Felizmente, a modernidade também traz novas possibilidades – e, durante a pandemia, percebemos ainda mais o valor da tecnologia como aliada na educação. Com a necessidade de adaptação que veio junto à crise do Covid-19 apareceram, inclusive, os termos “síncrono” e “assíncrono” para descrever modos de ensino. 

Características do ensino síncrono e assíncrono

Ensino síncrono é caracterizado pela interação simultânea, ou seja, em que aluno e professor interagem em um mesmo momento, ao vivo. Podendo ser em um ambiente físico ou digital.

No ensino assíncrono essas trocas acontecem em tempos diferentes, de forma que professor e aluno conseguem acessar um mesmo conteúdo, porém em momentos distintos. O estudo independe da sincronicidade para acontecer.

E, apesar de termos aprendido muito, ainda não entendemos completamente todos esses conceitos, como explica Bruno Alvarez, coordenador pedagógico do ensino médio do colégio Pentágono

“Fundamentalmente, a gente não sabe, ou não entende, qual é o impacto que o assíncrono tem no síncrono”, ele diz. “Então eu fico imaginando que alguns alunos, daqui pra frente, vão começar a questionar as práticas síncronas, a partir do que eles veem nas práticas assíncronas”. Isso pode demandar, segundo Alvarez, uma reforma curricular robusta.

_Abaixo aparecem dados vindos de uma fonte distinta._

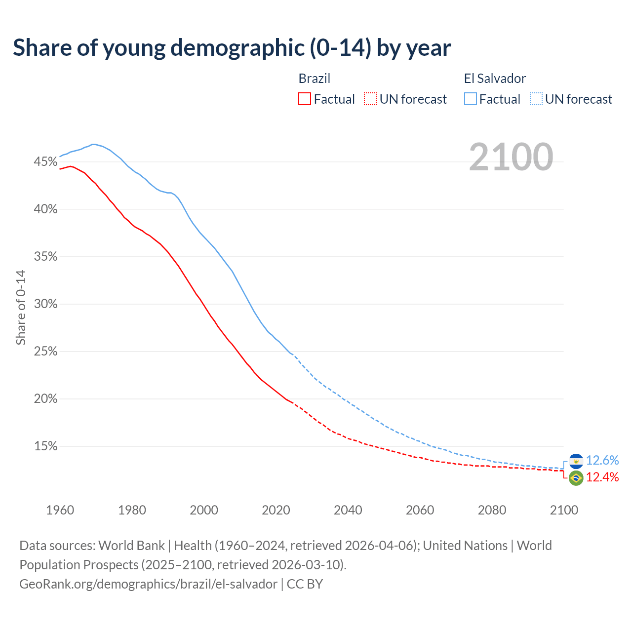 - The total fertility rate is 1.62 in Brazil compared to 1.78 in El Salvador.
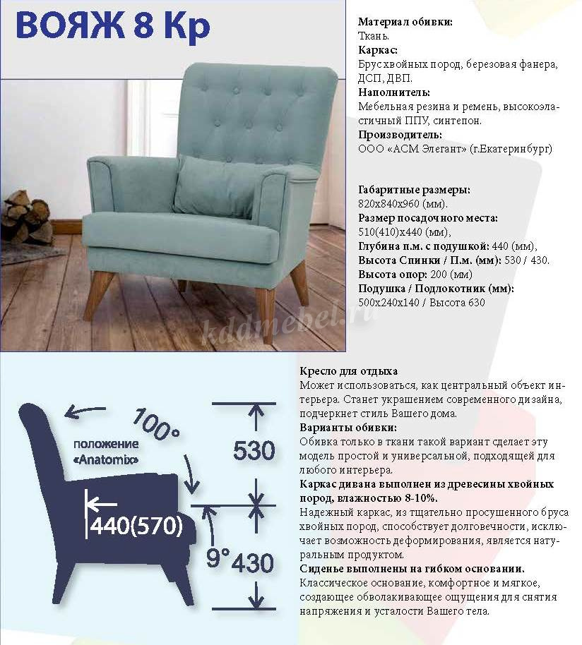 Может использоваться, как центральный объект интерьера при условии дополнительного заказа задников из обивочной ткани. Станет украшением современного дизайна, подчеркнет стиль Вашего дома. Обивка только в ткани (искусственная кожа возможна только на цоколе) такой вариант сделает эту модель простой и универсальной, подходящей для любого интерьера. Посадочное место: пружины "змейка", листовой ППУ, синтепон. Размер посадочного места: 510(410)*440 (мм.) , глубина п.м. с подушкой: 440 (мм). Высота спинки/ П.м. (мм): 530/430.
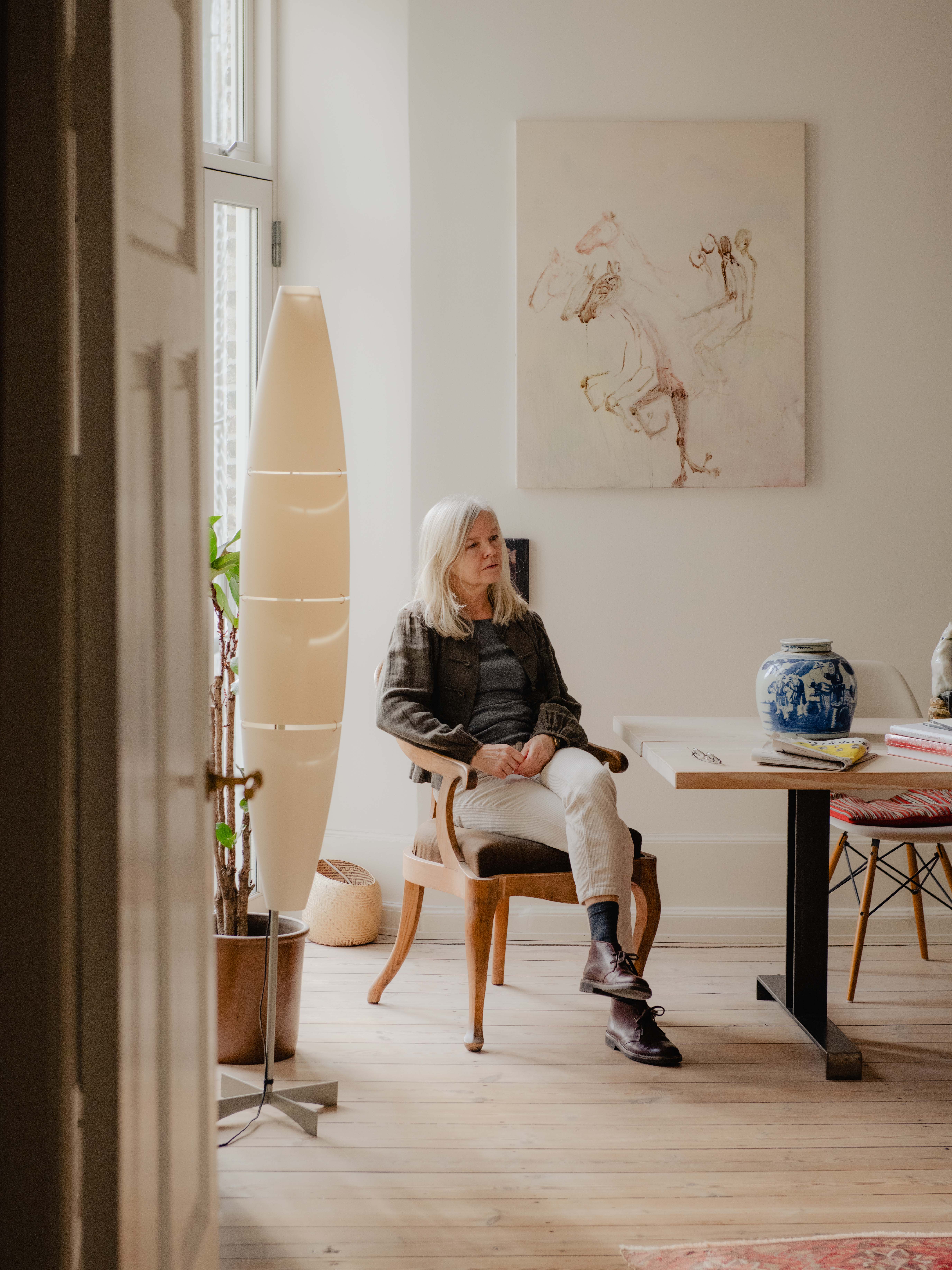 Inside Tine’s home is an atmosphere that feels both peaceful and precise — a space with a temperament of its own, not unlike the sensation of walking into a library. You instinctively lower your voice. “May I take your coat?” Tine asked as I stepped in. Even my damp jacket was swiftly absorbed into the order of the room — no clutter, no fuss, just a quiet sense that everything had its place. That same sense of calm and restraint moves gently through her work — Stand in front of one of her large-scale pieces long enough and I am convinced your heart will begin to beat a little slower.
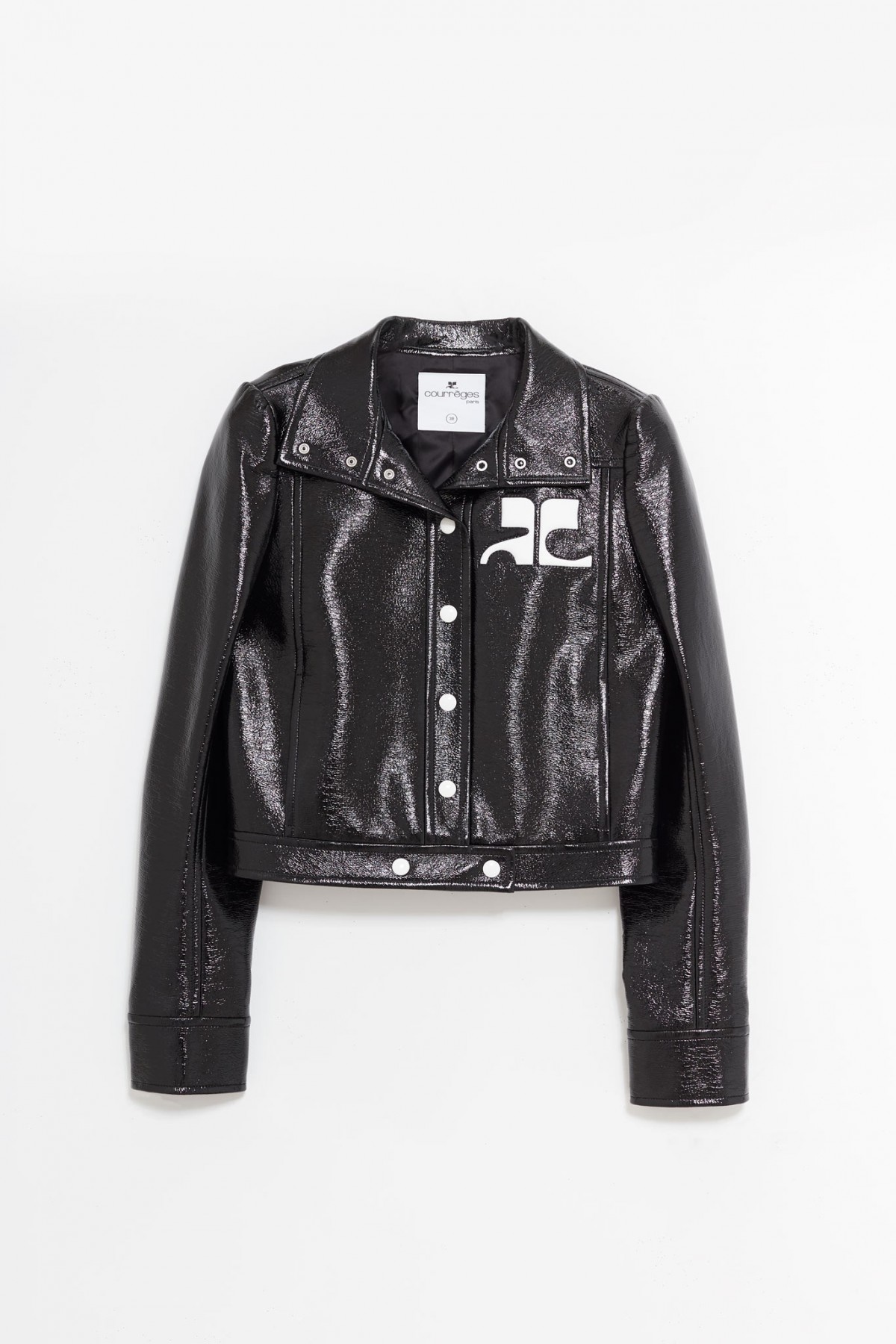 Cazadora vinilo ceñida. Diseñada para llevar abierta. Dos bolsillos laterales. Logo AC blanco en el pecho. Forrada. Cierre de botones a presión en la parte delantera central y en los puños.
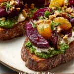 This vibrant Roast Beetroot & Orange Bruschetta combines the earthy sweetness of roasted beets with the bright, tangy freshness of orange segments, topped on toasted baguette slices with creamy goat cheese and a hint of fresh mint. Perfect as a colorful appetizer or light snack, it’s both visually appealing and bursting with flavors.
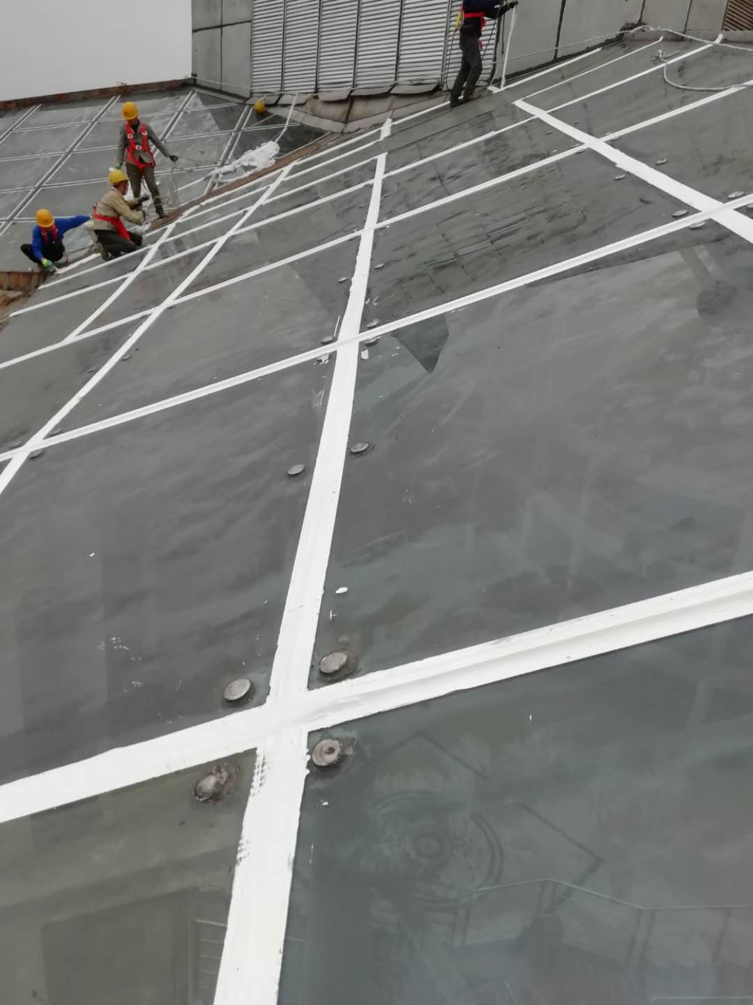 我公司采取的施工方法是,采用SYR金屬屋面專用防水涂料配合我們的專用縫織聚酯布,先將玻璃頂表面清理干凈,然后涂刷一遍防水涂料、鋪貼專用聚酯布、再涂刷第二遍防水涂料,待干后再涂刷一遍防水涂料,最終將施工工作面清理干凈。
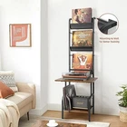 Vinyl Record Player Stand with Storage in Black & Brown Wood Finish
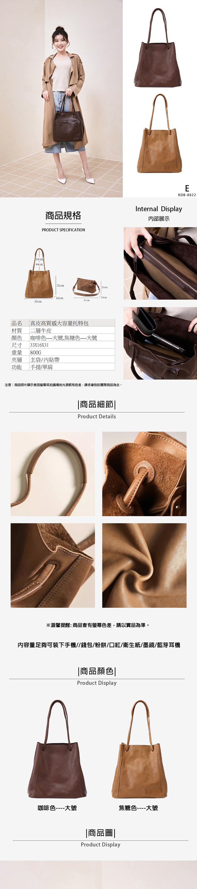 品名 真皮高質感大容量托特包
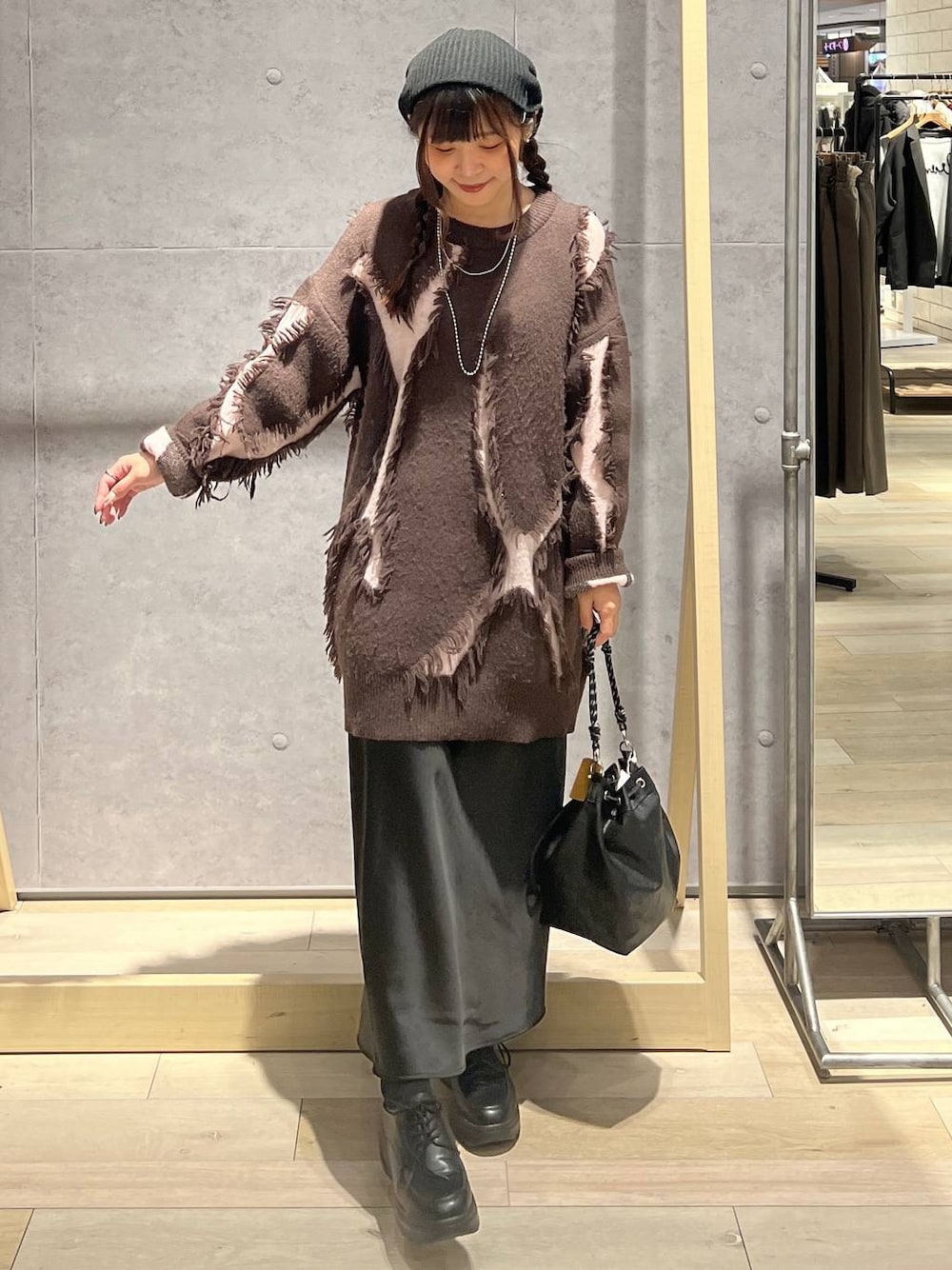 【キレイめカジュアル】 ◎フリンジニットチュニック →ランダムなダメージが可愛い🤎 チクチク感も全くなくておしりもすっぽりカバーしてくれるありがたい丈感🙏 ブラウン×ピンクの組み合わせも今年っぽくて◎ カジュアルになり過ぎないようにツヤ感のあるサテンスカートとアクセを合わせたariのリアルバイコーデです🤍
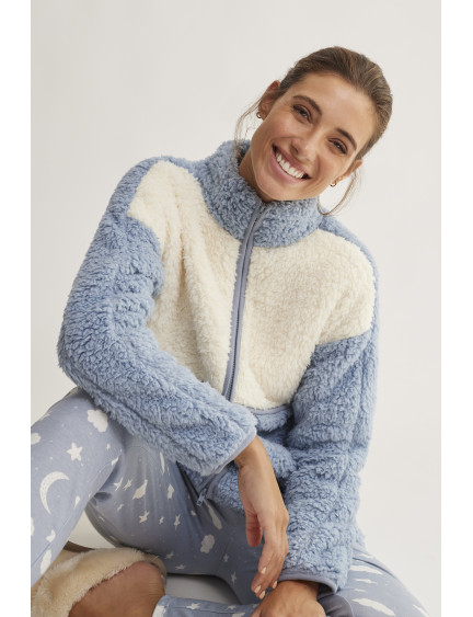 PIJAMA PANTALÓN LARGO CAMISETA MANGA LARGA INTERLOCK PERCHADO INTERIOR. BATA TEJIDO BORREGUITO CON CREMALLERA
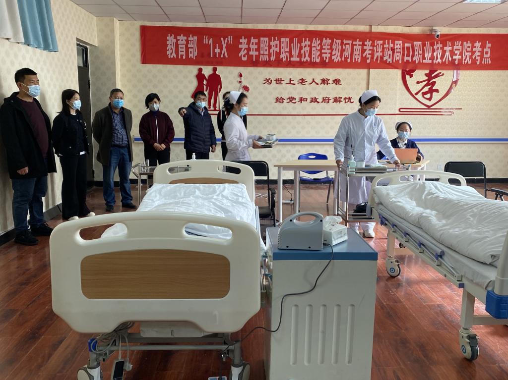 为贯彻《国家职业教育改革实施方案》、《关于在院校实施“学历证书+若干职业技能等级证书”制度试点方案》等文件要求,按照教育部“1+X”证书制度试点工作推进相关安排,11月19日,由谈球吧平台app入口和北京中福长者文化科技有限公司联合举办的“1+X”老年照护职业技能等级证书考评工作在谈球吧平台app入口实训中心顺利拉开帷幕。
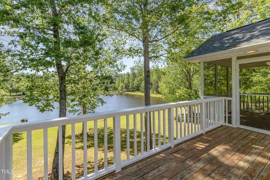 On the water, this beautiful updated custom built lake front home is a rare opportunity. Located in West Landing neighborhood this 3 bedroom, 2.5 bath brick Ranch is perched nicely in a private cul-de-sac on a large lot. Sunsets on the lake can be seen from large windows in the family room, kitchen, screen porch, master bedroom, back deck, walk-out finished basement and 2 other bedrooms. Open vaulted kitchen and family room. The 2- car garage is oversized with a finished workshop/ office. Other incredible features include additional office/study in the walk-out basement, Ecobee smart thermostat, new KitchenAid downdraft oven, parking space for an RV or a boat, both family rooms have a brick fireplace, high end whole house humidifier. The home is also located on the deep end of the lake and has a sprinkler system. Freshly painted and move in ready. The HOA includes a beautiful neighborhood pool. 10 minutes to downtown Sanford and 45 minutes to downtown Raleigh. New 3D Tour available upon request.
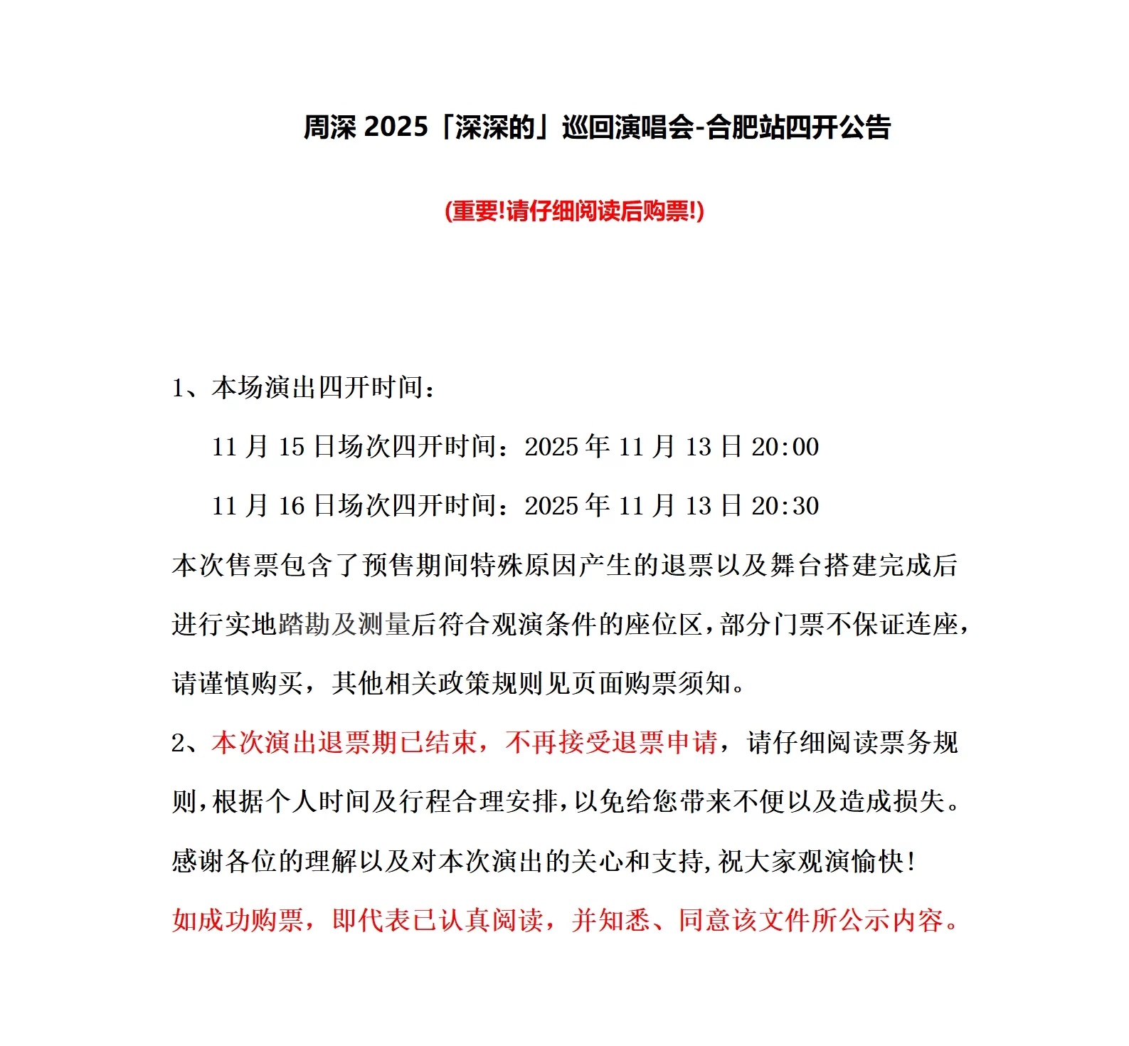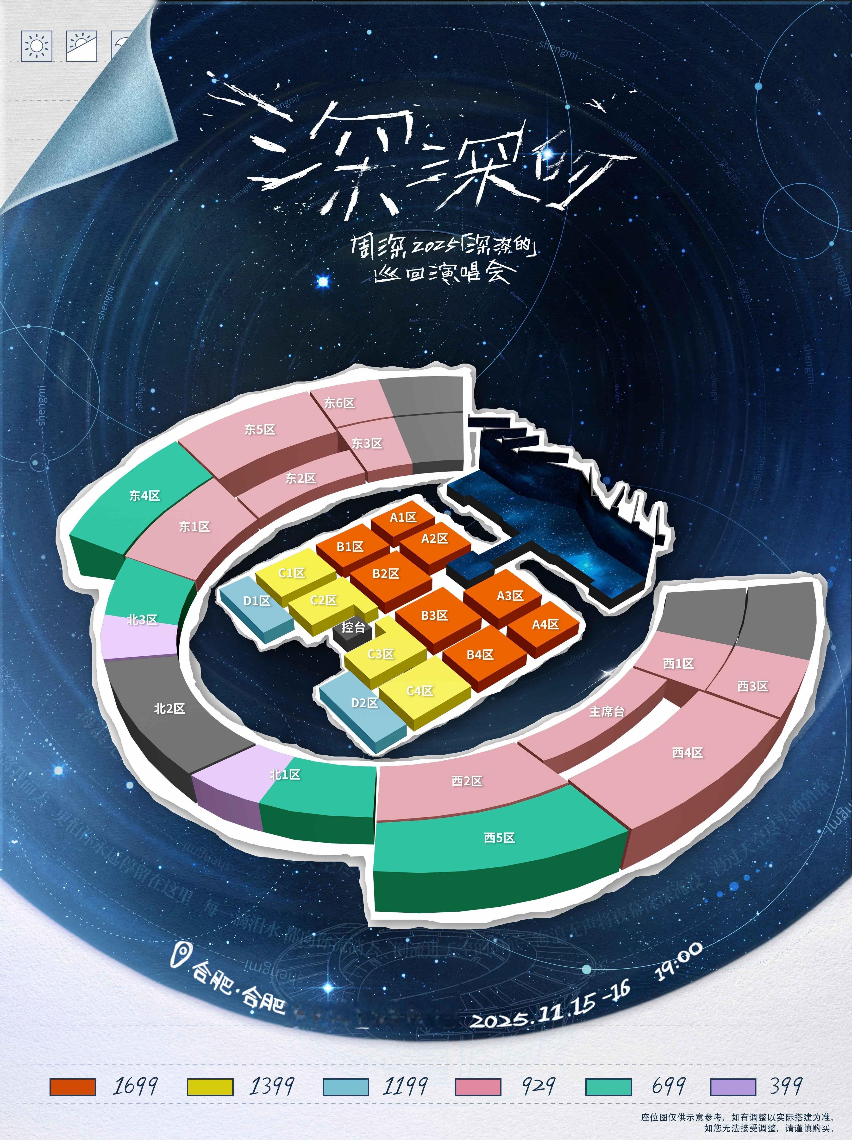 【周深丨2025「深深的」巡回演唱会-合肥站丨四开提醒】周深2025「深深的」巡回演唱会合肥站将于11月13日20:00/20:30四次开/售!11月15日和11月16日两日连开,和周深 相约合肥体育中心主体育场!11-15 场次:11-13 20:00 开抢11-16 场次:11-13 20:30 开抢⏰ 四开时间:11.13 20:00/20:30📆 演出时间:11.15-11.16(周六日)19:00📍 演出地址:合肥丨体育中心主体育场🎫 售/票平台:大/麦、票/星/球、携/程/旅/行
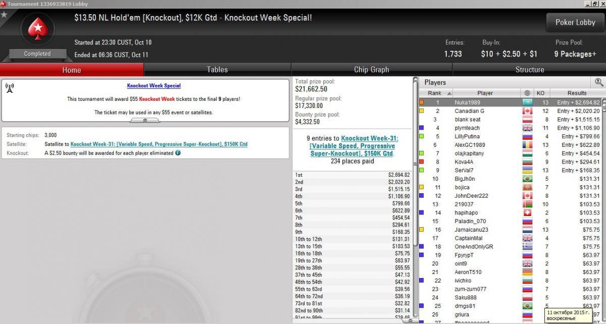И в очередной раз показал достойный результат, выиграв турнир с нокаутами за $13,50:

As tecnologia digitais na educação como aliadas do ensino

As discussões a respeito desse tema são, portanto, cruciais e complexas – e Letícia Reina, gestora educacional da plataforma educacional de leitura Árvore, lembra que já devíamos estar dando espaço para elas até antes da pandemia. “Acho que com a pandemia saltou aos olhos como que as tecnologias digitais na educação podem e devem estar a serviço do processo de ensino e aprendizagem”, reflete. “A pandemia só colocou uma luz ali”

Para ela, esses recursos já deveriam estar à disposição das escolas, e agora a hora é de selecionar o melhor de cada modo de ensino – do síncrono e do assíncrono, do presencial e do online – para criar a melhor forma de engajamento possível.

As tecnologias digitais na educação, por exemplo, podem ajudar na formação de um processo inovador como vias de acesso à informação curada. Isso encoraja o protagonismo do aluno na aprendizagem, além de aumentar seu repertório. 

“Eu acho que esse é o grande lance do engajamento”, opina Letícia. “Não adianta o síncrono o dia inteiro, o cara vendo aula, que é o que a gente viu no ensino remoto emergencial (…) e não potencializar e escutar o que esse aluno tem para dizer”.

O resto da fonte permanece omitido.